• _TASK DETAILS_
Return the records exactly as they stand, and keep the pictures out of the copy.
--- RECORDS FOR PROCESSING Enclosed Below ---
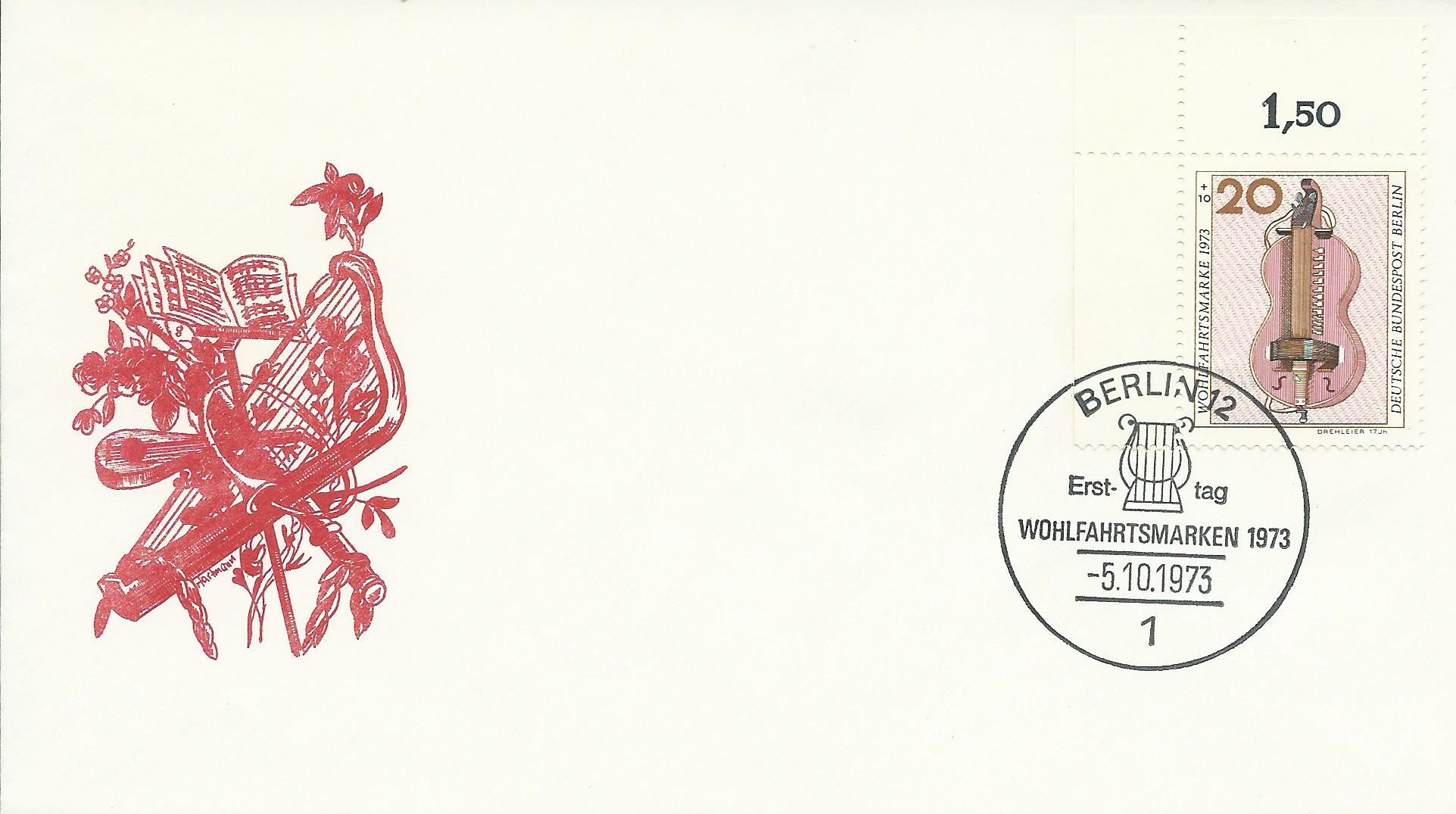 Den Abschluss für heute bildet die Wohlfahrtsserie 1973 mit den Michel-Nummern 459 – 462. Gestempelt wurden alle Belege mit dem Ersttagssonderstempel Berlin vom 5.10.73.
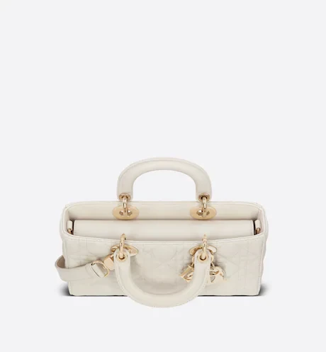 The Lady D-Joy bag captures the House's vision of elegance and beauty. Refined and sleek, this timeless style showcases the iconic streamlined aesthetic of the Lady Dior line. Crafted in latte lambskin with Cannage stitching, it is enhanced by pale gold-finish metal 'D.I.O.R.' charms embellishing its silhouette. Featuring one removable chain shoulder strap and another adjustable and removable leather shoulder strap, the Lady D-Joy bag can be carried by hand or worn crossbody as a daily companion.
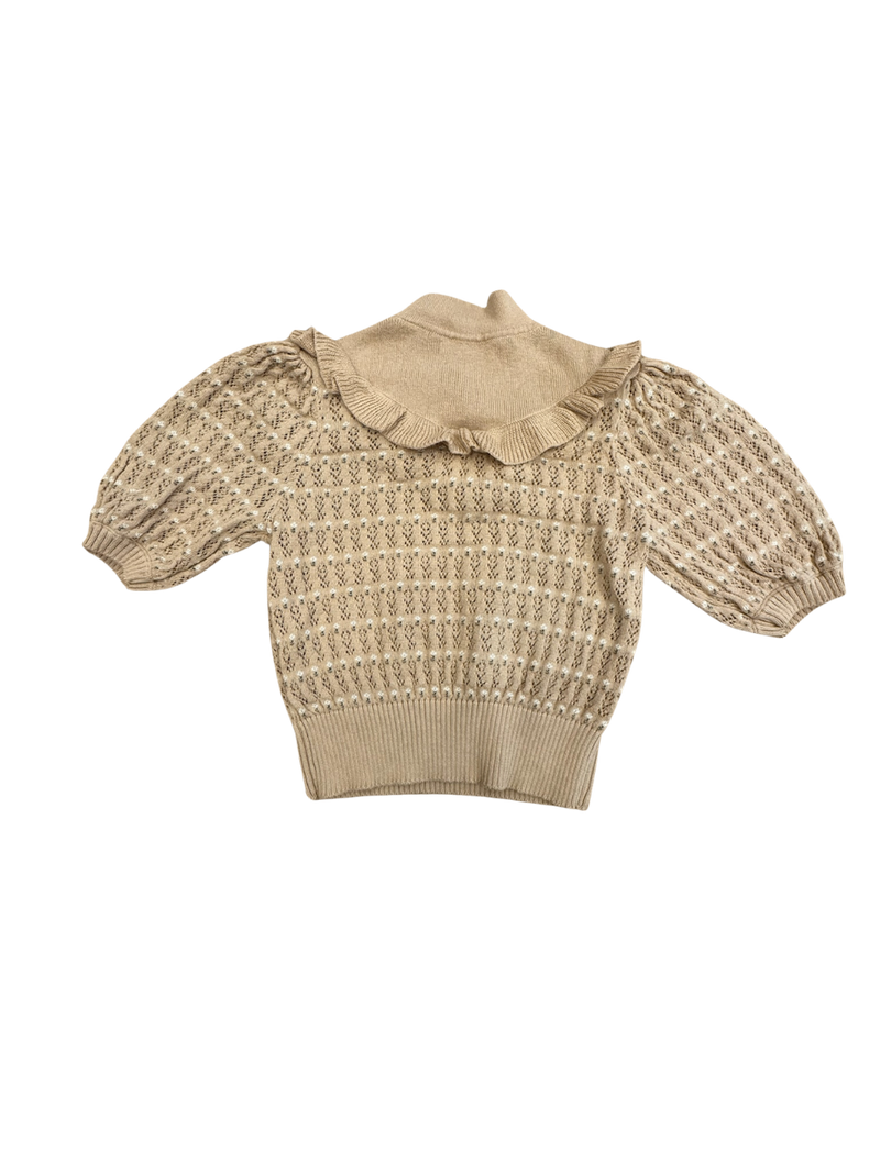 Ein eleganter Beigemelan Pullover mit raffiniertem Muster und voluminosen Puffärmeln. Das Modell wirkt durch seine Textur warm und stilvoll, ideal für die kühlere Jahreszeit. Die Rüschendetails am Kragen setzen einen femininen Akzent, während die flexible Passform Tragekomfort bietet.
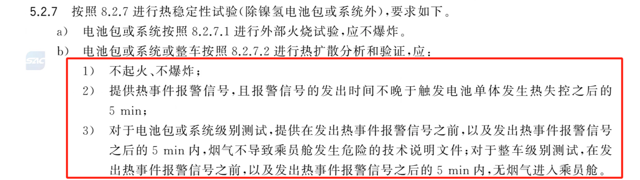 现行国标,要求的是热失控引起危险前的5分钟,发出警报,新国标是在此基础上,既要不起火不爆炸,还要在发出警告的5分钟内,烟气不能对乘员舱造成危险。所以新国标的难点在于,考验电池的隔热材料、结构阻隔和冷却系统这几样加起来,有没有阻止热失控蔓延的能力。
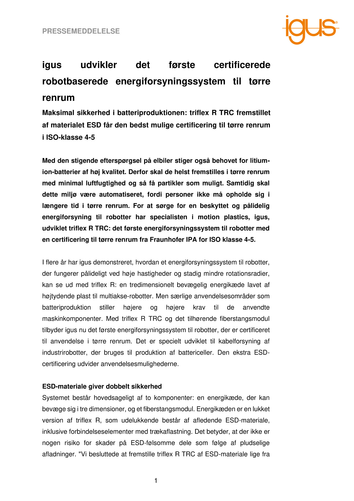 Med den stigende efterspørgsel på elbiler stiger også behovet for litium-ion-batterier af høj kvalitet. Derfor skal de helst fremstilles i tørre renrum med minimal luftfugtighed og så få partikler som muligt. Samtidig skal dette miljø være automatiseret, fordi personer ikke må opholde sig i længere tid i tørre renrum. For at sørge for en beskyttet og pålidelig energiforsyning til robotter har specialisten i motion plastics, igus, udviklet triflex R TRC: det første energiforsyningssystem til robotter med en certificering til tørre renrum fra Fraunhofer IPA for ISO klasse 4-5.
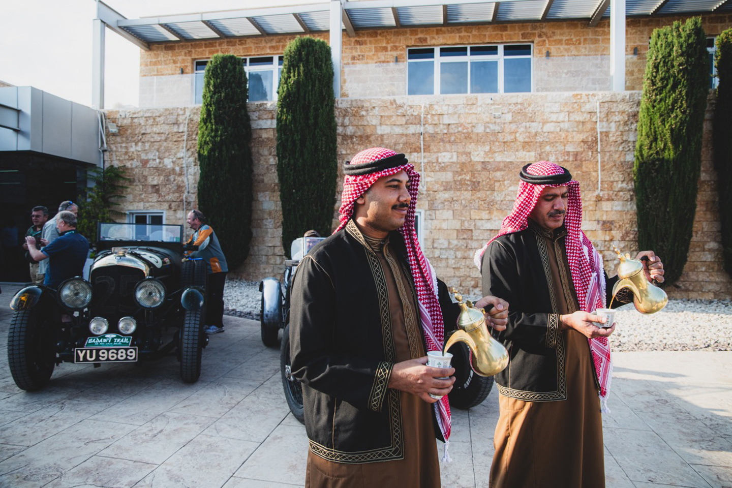 The final time control of the day was situated at the Royal Automobile Museum, next to the King Hussein Mosque with its opulent architecture. Here, the cars were welcomed by various dignitaries of the museum and the drivers were treated to some splendid hospitality that included a tour of the Museum’s backrooms, as well as cups of the most potent coffee I have ever tasted, the piquant liquid no doubt perking up those that were perhaps flagging in the day’s heat. This was a real treat and the museum, the first of its kind in this part of the world, provided automobile interest to all tastes and included many rare exhibits.
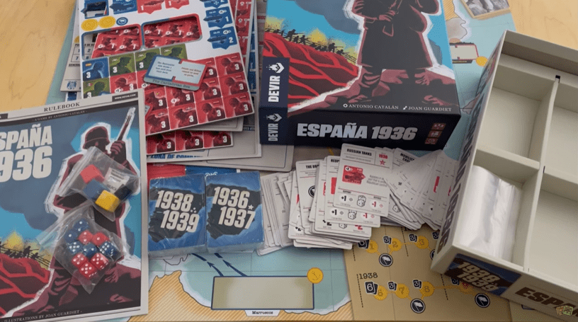España 1936 is a game of historical simulation that recreates the Spanish Civil War from 1936-1939. It is played on a board depicting Spain and divided in connected zones, with counters at operational level. It has cards to develop the events of the war and to modify decisive battles. It does not have any CRT, and the combats are simple but real for the conflict. The turn and the combats are alternative, which creates a great interaction between the players. 16 years after its first publication, España 1936 returns to stores with a completely renewed art and in an edition that includes the expansion “The Armada”, the 1938 scenario and the addition of 8 cards, for optional use, which add uncertainty to the events.
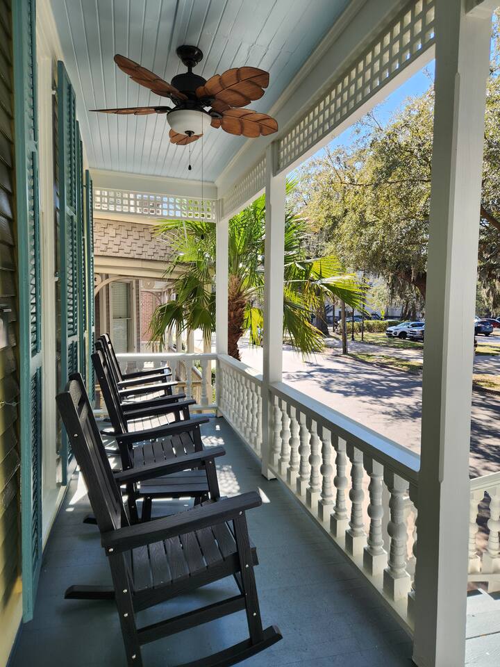 Steps from iconic Forsyth Park, our elegantly renovated 3BR/3BA home blends historic Southern charm with quiet luxury. Relax on the porch rocking chairs or enjoy spacious interiors with modern amenities. Private parking and a fully equipped kitchen make your stay effortless. Easy walk to top restaurants, shops & historic sites. ✨Highlights: ✅3 BR/3BA - everyone has their own space ✅2 Private parking spaces ✅Porch with rocking chairs & park views ✅Spacious living room, fully equipped kitchen
--- End of Enclosed RECORDS FOR PROCESSING ---
• _ANSWER BOX_
 Den Abschluss für heute bildet die Wohlfahrtsserie 1973 mit den Michel-Nummern 459 – 462. Gestempelt wurden alle Belege mit dem Ersttagssonderstempel Berlin vom 5.10.73.
 The Lady D-Joy bag captures the House's vision of elegance and beauty. Refined and sleek, this timeless style showcases the iconic streamlined aesthetic of the Lady Dior line. Crafted in latte lambskin with Cannage stitching, it is enhanced by pale gold-finish metal 'D.I.O.R.' charms embellishing its silhouette. Featuring one removable chain shoulder strap and another adjustable and removable leather shoulder strap, the Lady D-Joy bag can be carried by hand or worn crossbody as a daily companion.
 Ein eleganter Beigemelan Pullover mit raffiniertem Muster und voluminosen Puffärmeln. Das Modell wirkt durch seine Textur warm und stilvoll, ideal für die kühlere Jahreszeit. Die Rüschendetails am Kragen setzen einen femininen Akzent, während die flexible Passform Tragekomfort bietet.
 现行国标,要求的是热失控引起危险前的5分钟,发出警报,新国标是在此基础上,既要不起火不爆炸,还要在发出警告的5分钟内,烟气不能对乘员舱造成危险。所以新国标的难点在于,考验电池的隔热材料、结构阻隔和冷却系统这几样加起来,有没有阻止热失控蔓延的能力。
 Med den stigende efterspørgsel på elbiler stiger også behovet for litium-ion-batterier af høj kvalitet. Derfor skal de helst fremstilles i tørre renrum med minimal luftfugtighed og så få partikler som muligt. Samtidig skal dette miljø være automatiseret, fordi personer ikke må opholde sig i længere tid i tørre renrum. For at sørge for en beskyttet og pålidelig energiforsyning til robotter har specialisten i motion plastics, igus, udviklet triflex R TRC: det første energiforsyningssystem til robotter med en certificering til tørre renrum fra Fraunhofer IPA for ISO klasse 4-5.
 The final time control of the day was situated at the Royal Automobile Museum, next to the King Hussein Mosque with its opulent architecture. Here, the cars were welcomed by various dignitaries of the museum and the drivers were treated to some splendid hospitality that included a tour of the Museum’s backrooms, as well as cups of the most potent coffee I have ever tasted, the piquant liquid no doubt perking up those that were perhaps flagging in the day’s heat. This was a real treat and the museum, the first of its kind in this part of the world, provided automobile interest to all tastes and included many rare exhibits.
España 1936 is a game of historical simulation that recreates the Spanish Civil War from 1936-1939. It is played on a board depicting Spain and divided in connected zones, with counters at operational level. It has cards to develop the events of the war and to modify decisive battles. It does not have any CRT, and the combats are simple but real for the conflict. The turn and the combats are alternative, which creates a great interaction between the players. 16 years after its first publication, España 1936 returns to stores with a completely renewed art and in an edition that includes the expansion “The Armada”, the 1938 scenario and the addition of 8 cards, for optional use, which add uncertainty to the events.
 Steps from iconic Forsyth Park, our elegantly renovated 3BR/3BA home blends historic Southern charm with quiet luxury. Relax on the porch rocking chairs or enjoy spacious interiors with modern amenities. Private parking and a fully equipped kitchen make your stay effortless. Easy walk to top restaurants, shops & historic sites. ✨Highlights: ✅3 BR/3BA - everyone has their own space ✅2 Private parking spaces ✅Porch with rocking chairs & park views ✅Spacious living room, fully equipped kitchen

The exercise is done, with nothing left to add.